Шильдер был немного выше среднего роста, старчески худ, и держался подчеркнуто прямо. На длинной тощей шее, похожей на вареную куриную ногу, была прикреплена маленькая голова, покрытая седо-желтым пухом. Картину дополняли тусклые голубые глазки и длинные, распушенные по концам седоблондинистые усы, которые он то и дело молодецки разглаживал. Говорил замогильным голосом, неестественно медленно и сильно картавил. В речи явно чувствовалась замедленность рефлексов головного мозга. Копировать его было легче легкого и делать это успешно могли люди даже со средними имитаторскими способностями.

Давно замечено, что люди, получившие новую должность, охотнее всего занимаются в ней тем, что им больше всего напоминает старую. Помню в Преображенском полку служил лихой ротный командир кн. Оболенский, строевик первый класс. Как это часто случалось, назначили его вице-губернатором в Кострому. В 1908 году, по делам матери, мне довелось быть в Костроме. Город славный, город древний, но грязноватый и очень патриархальный. И вдруг, в таком старосветском городе, полиция (нынешняя милиция) такая, какая и столичного города, Санкт-Петербурга не сконфузила бы. Полицейские молодец к молодцу, одеты с иголочки, а честь отдают не хуже, чем у нас в Учебной команде. Как к бывшему однобригаднику, немножко и по делу, я пошел к Оболенскому с визитом. Первые слова его были:

— А какова у нас полиция? Как одеты? Как честь отдают? Выправка какая, а? Сам за этим смотрю… Недавно сам сапоги пригонял… Сам отдание чести проверяю!

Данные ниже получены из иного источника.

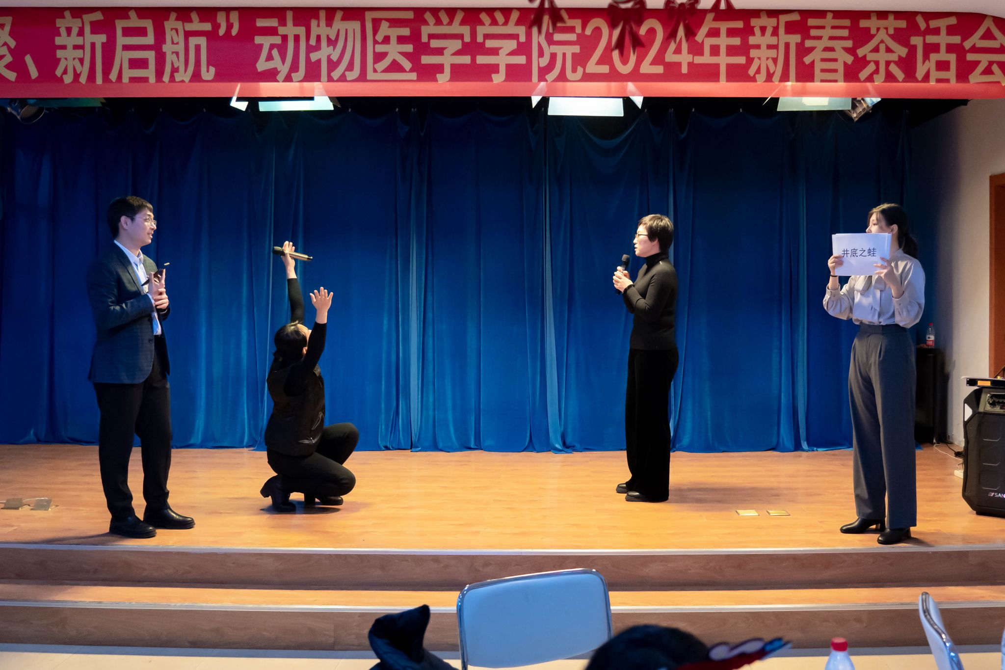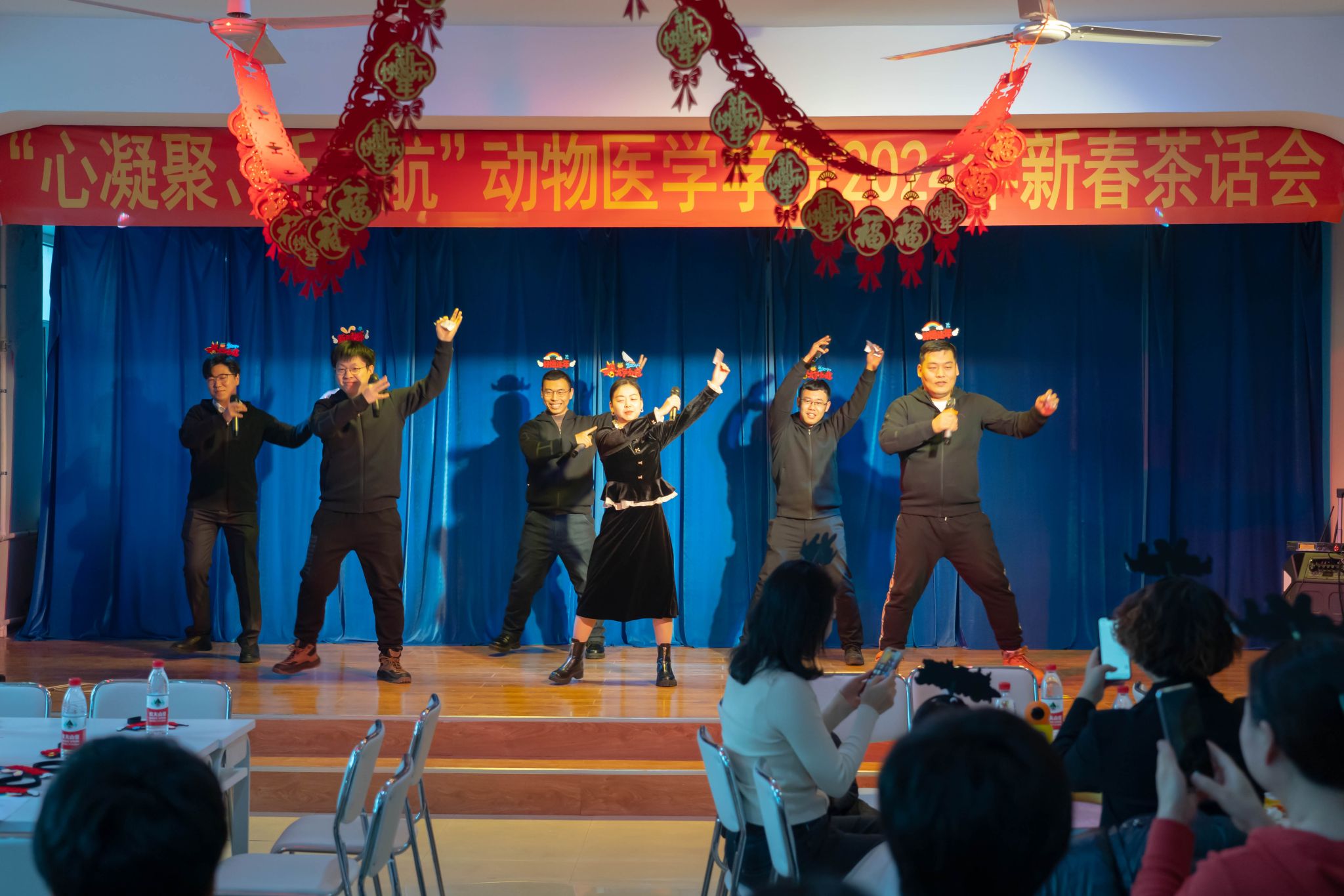 学院工会各小组表演的节目精彩纷呈,基础兽医系小组青年教师刘宁、常轶聪、蔡敬增、李亚楠、魏冕、赵一合唱《教师阵线联盟》;临床教学医院小组教师代表乔茂强独唱《奔跑》;动物药学系小组青年教师郑雅丹、徐童、迟倩茹、包佳鑫合唱《霓虹甜心》;预防兽医系小组全体教师合唱《真心英雄》、走秀《小巴黎时装秀》;女教师代表李艳华、李继昌、刘云、李艳飞、唐丽杰、刘芳萍、李术、乔薪瑗、姜晓文、张瑞莉联唱《女人花+歌唱祖国》。文艺表演展示了学院教师风采,点燃了全场气氛。茶话会在轻松愉悦、欢乐祥和的氛围中进行。

Я принужден был согласиться, что в Костроме полиция действительно на пять. Казалось бы были у вице-губернатора и более важные государственные занятия, чем пригонка полицейских сапог, но князь Оболенский это дело знал, а потому и занимался им с любовью. А вице-губернаторские дела были ему незнакомы и непонятны, а потому и менее приятны. А кабы был кн. Оболенский не капитаном, а ротмистром, то кроме отдания чести и сапог, обратил бы он, наверное, специальное внимание и на костромских пожарных лошадей.

Шильдер двадцать лучших лет жизни занимался педагогикой. Естественно, что приняв полк он главное внимание свое обратил на ту часть полка, где имелись карты, доски, губки, мел. т. е. классы, т. е. полковую учебную команду. Приходил он к нам почти каждую неделю и, конечно, не помогал, а только мешал.

Является на урок географии. Сначала сидит и глубокомысленно слушает. Потом начинает задавать вопросы.